I agree. I’ve had to use the sub-streams of my cameras for displaying in HA so that I could setup the cameras with the sub-stream at a lower resolution. My NVR records the full HD streams and HA just displays the low res. Otherwise HA often wouldn’t even open them, and my HA runs on an i7 machine with 16Gb of RAM.
I’m still waiting for proper integration of audio from camera streams as my front door camera has two-way audio, but this is not at all accessible using HA. Currently HA only supports a few audio codecs and none of them are the common CCTV camera ones. Pretty poor really.
I have a few Dahua Dome Lite 4MP cameras which I use to see what is happening in my apartment and for motion detection for switching the lights. Latter mostly works, but I am having some problems with the first. Onvif integration sets up only substream1 which is unusable because of low resolution. I believe it is because of h265 codec? Is there a way to make this work?
I am also curious if it is possible for HA to work as a NVR for the cameras?
Thank you for your great work in documenting the various camera platforms. Really save me tons of time to test which works best.
Just to update on my findings of AlexIT WebRTC card. I’ve been using AlexIT WebRTC card for 3 weeks now on 2 sites. So far its been promising and loads successfully all the time. The lag is less than a second but sometimes it will skip so frames which could be a combination of camera CPU or network issues. I’m using it for to open/close my gate so its a good upgrade from the 4-5s lag.
@HeyImAlex the latest version of AlexIT card does not need port forwarding. It works for me and I did not open any ports on my router.
Yes AlexITs card is a really great option for low CPU and real-time, there’s still nothing else with those 2 features other than the proxy cameras which no longer give me full frame rate. I’m starting to suspect that I might be having intermittent WiFi problems as my routers are rather old (holding out for WiFi 6e before making the upgrade).
Actually it does, your router just opened the port for you without telling you WebRTC uses a (random) UDP port it opens by itself, many consumer level routers with asymmetric cone style NAT will allow this through UDP hole punching, trading off convenience for security. But that won’t work with SSH reverse tunneled connections, as only a single port is forwarded. Your home IP will never be exposed to the remote device, so it can’t establish the UDP connection.
In the latest release of HA, the camera component has been moved to the “core” startup component so it changes when and how it starts at the boot up of HA. I have observed some weird behaviors of my camera components, crashing other integrations, most notably cloud ones, when a camera is offline as a result of it. As a reminder, I am have forked my owned version of HA to massively improve the camera stream handling from the ffmpeg component. (by using openCV’s ffmpeg instead of ffmpeg directly, then by using GPU decoding and finally having the camera return a numpy array to the video processing component instead of decoding, reincoding to jpeg and then redecoding to numpy). This has reduced the CPU loading by 80% per camera.
Wow I didn’t know that, thanks for the lesson. It’s less secure but the performance is hard to ignore. Was putting up with 4-5s lags until Alexit card, hard to go back.

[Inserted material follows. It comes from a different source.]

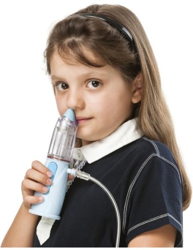 Rinowash terminale per il lavaggio e il trattamento delle vie aeree superiori produce particelle con diametro pari a 18 mcm che si depositano nella cavita nasale fino al rinofaringe per il trattamento di riniti, rinosinusiti e infezioni dell'albero respiratorio superiore.

Well technically it’s not that much of a security concern. The port is random and only open during streaming. So as long as you don’t stream 24/7, it’s not that bad. This is a common technique for other protocols too, like peer-to-peer stuff. But it just doesn’t work with certain more secure ways to remotely access HA (or only with a much more complex setup that adds maintenance and lag again). So it’s not a magic bullet, sadly.
Sorry to hear that the stream component isn’t working out for many of you. As discussed previously, the latency is a function of the HLS protocol. Glad to see alternatives out there like AlexxIT’s WebRTC addon - it looks pretty cool and seems to be working well for some people. The WebRTC protocol is probably your best option if latency is your main concern. Of course as with most protocols there are tradeoffs: Since the transport is not over http, the connection from HA to your client will be different than the rest of HA. Generally this is not an issue, and the transport is probably “faster” than going over http in most cases, but since the protocol allows for trying several different connection types, your experiences may differ depending on what network your client is on. Another thing to consider is that WebRTC is driven by Google, so it doesn’t and most likely won’t ever support H.265 which is the preferred codec used on today’s cameras (HLS supports H.265, but support on clients is also limited thanks to … Google). WebRTC also doesn’t support AAC audio, but it does support PCM codecs which HLS doesn’t support (why is everything so difficult?!). Also, fundamentally WebRTC is generally very secure, but there have been security issues related to the protocol (see e.g. https://www.rtcsec.com), and since there are more different parts involved with the add-on, the attack surface will be larger.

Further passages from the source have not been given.